Risk factors for the course of major depressive disorder and depressive symptoms
Six studies examined the predictors of the course of depression [32, 41–43, 52, 58, 67].
Chronicity of depression
Longer pre-baseline duration of the depressive episode in the WHO Collaborative Project on Psychological Problems in General Health Care study was a predictor of a poor course of depression [58]. Multivariate analysis reported that among those whose pre-baseline duration was at least one year compared to those whose pre-baseline duration was less than three months, the odds of a poor short-term course of depression (no full recovery within half a year) were over five times higher (versus those whose pre-baseline duration was less than three months) (OR = 5.22, 95% CI 2.45–11.15). The same was found for long-term outcomes, with those who had a pre-baseline duration of one year being more likely to report a poor outcome compared to those whose pre-baseline duration was less than one year (OR = 3.54, 95% CI 1.67–7.52). In the Groningen Primary Care study, duration of index episode was not associated with the occurrence of a relapse within the 12 month follow-up after remission [32].
Severity of depression
Wagner et al. [54] found that a greater proportion of patients with minor depression (56%, 37/66) than major depression (37%, 19/51) at baseline were asymptomatic at 12 months. They found that a diagnosis of minor depression was associated with almost the same degree of impairment in health status, functional status and disability, and psychiatric service utilization as a diagnosis of major depression. However, 20% (13/66) of patients with minor depression at baseline met criteria for major depression at 12 months, while 22% (11/51) of patients with major depression at baseline met criteria for minor depression at 12 months. The authors conclude that sub-threshold depression or the persistence of depressive symptoms is a risk for developing major depression. In the Groningen Primary Care Study, 31% of patients with borderline depression had recovered at 12 months and 70% at 3.5 years [35]. Indeed, the Groningen Primary Care Study [35] found that partial remission rather than complete recovery "was the rule and was associated with residual disability" (p.759). This study also found that depression had better outcomes than anxiety and mixed anxiety-depression. At baseline, patients with both anxiety and depression reported the highest symptoms levels on the Present State Exam. However given the small sample size with each disorder these results should be interpreted with caution.

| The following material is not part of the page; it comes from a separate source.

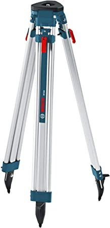 Bosch BT160 Aluminum contractors’ quick clamp tripod for interior and exterior use Extended Height: 63-inches, Closed Height: 38-inches Includes Heavy-Duty Poly Webbing Shoulder Strap. Lightweight Aluminum Design. Electrostatic Powder-Painted Casting – For a durable and long-lasting finish.

The data from studies measuring depressive symptoms are also difficult to compare for similar reasons. Parker et al. [68] reported a 6% improvement in depressive symptoms at 20 weeks; and others reported that depressive symptoms had significantly reduced at six month follow-up [37, 51]. At four and a half month follow-up, one study found a significant reduction in depressive symptom scores among primary care patients whose depression was not detected compared to no significant reduction in depressive symptom scores among detected patients [49]. Kessler et al [45] reported that of the 88 patients who met criteria for a case on the GHQ, 50% (16/32) of those not detected by a GP at baseline or during the three year follow up, were no longer cases at three year follow-up. Grembowski et al. [51] and Ronalds et al. [37] retained a large sample of patients at follow-up, however Grembowski et al. [51] only included insured patients and therefore their findings are limited to a sample of mainly middle-class, Caucasian adults with depressive symptoms. The other three studies followed up small numbers of patients and may not have had sufficient power to determine reduction in depressive symptoms [45, 49, 68].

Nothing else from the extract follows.